°50|

1.3K 112 60
                                    

Annemle dün konuşacaktım Damla ile evlerine geçtikten sonra ama yeni evimize gidip son düzenlemeleri yaptığımız için fırsatım olmamıştı. Ve bugün de taşınmıştık tamamen. Damlalar ise az önce kendi evlerine gitmişti. Onların işi biraz daha uzundu çünkü eşyalarını toplamaları da gerekiyordu. Annemle yardım edecektik onlara çünkü bize yardım ederken kendi işlerini de biraz aksatmışlardı. Ve birbirimizden hiçbir karşılık beklemeden yapıyorduk bunları. Ve iyi ki o gün Damla ile karşılaşmıştım. Onların ve bizim hayatımız onlarla tanıştıktan sonra değişmişti.

Annemin yanına oturduğumda ellerini ovduğu omzundan çekmişti. Ellerimi omuzlarına koydum ve masaj yapmaya başladım. "Anne seninle bir şey konuşabilir miyim müsaitsen?" Yüzünde bir tebessüm oluşmuştu. Olaylardan hâlâ kendini suçlu tutuyordu. Ama değillerdi üzerimize yaptıkları büyü yüzündendi. Annem bunu kabul etmiyordu, farkındaydım.

"Tabi kızım. Bir şey mi oldu?" Kafamı olumsuzca iki yana salladım. Lafa nereden başlayacağımı bilmiyordum.

"Anne aslında şey eğer sizin de izniniz olursa biz Hasan ile yuva kurmayı düşünüyoruz ama kendimi biraz hazır hissetmiyorum." Durmuştum ardından. Nasıl diyebilirdim ki sizin boşanma duruşmanızdan sonra bunları düşünmem doğru mu diye?

"Şuan kafana babanla beni takıyorsun değil mi?" Utanaraktan kafamı sallamıştım. "Gamze'm bize bir şey olmadı ki. Böyle düşünme tamam mı?" Sıkıca sarıldığında ben de ona sarılmıştım. "Hem çok sevindim ikinizin adına. Ve emin ol çok mutlu olacaksınız. İkiniz beraber büyüdünüz ve birbirinizi kendinizden de iyi tanıyorsunuz belki de. Hep mutlu olun tamam mı?" Gözlerim dolmaya başlamıştı. Annemle böyle konuşmak ne bileyim biraz duygusallaşmamı sağlamıştı. "Peki ne zamandır hoşlanıyorsun? Benim bunu daha erken sormam lazımdı biliyorum ama işte iyi bir anne olamadım ikinize karşı. Affet olur mu? Bundan sonra hep yanında olacağım biraz geç olsa bile." Gözümden bir damla yaş akmıştı böyle demesine karşın.

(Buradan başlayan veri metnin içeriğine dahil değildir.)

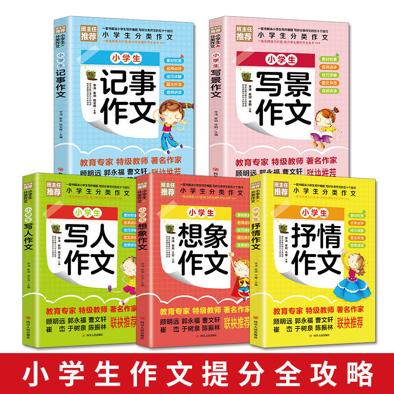 全5册小学生分类作文大全写景写人记事抒情想象作文精选同步作文掌握写作技巧小学生三四五六年级课外阅读书籍小学生看 儿童读物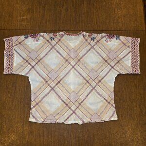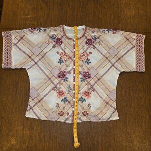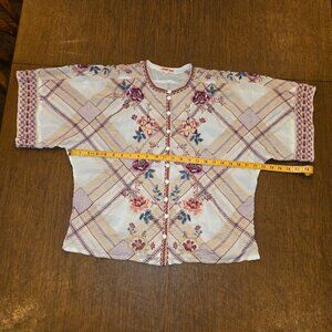 This JOHNNY WAS "Royland" embroidered blouse is made with 100% soft, off-white cotton and is embroidered with flowers and plaid designs in beautiful burgundy and rose shades. It is a size Small, but I wear a medium and it fits me comfortably. I washed it, but never ended up wearing it. The blouse features kimono sleeves that fall just at the elbows. It has a rounded neckline and button closure. Notice the covered buttons! Please see photos for measurements, and feel free to message me with any questions. This comes from a smoke-free home.

"Anne, lütfen böyle söyleme. Hem ben bile daha yeni farkına vardım. Kabul et veya etme ama kendini artık suçlama lütfen. Onların suçuydu. Hem bilmiyor muyum sanıyorsun büyünün ne demek olduğunu? Sizin boşanmamanız bile bu zamana kadar birbirinize bağlılığınızı gösterir. Hem olan oldu ve bunu düşünerek birbirimizi daha da üzmek zorunda değiliz. Geçmiş geçmişte kaldı ve bırakalım öyle olsun. Onu düşünerek geleceğimizi mahvetmeyelim." Onun da gözünden akan bir damla yaşı sildim.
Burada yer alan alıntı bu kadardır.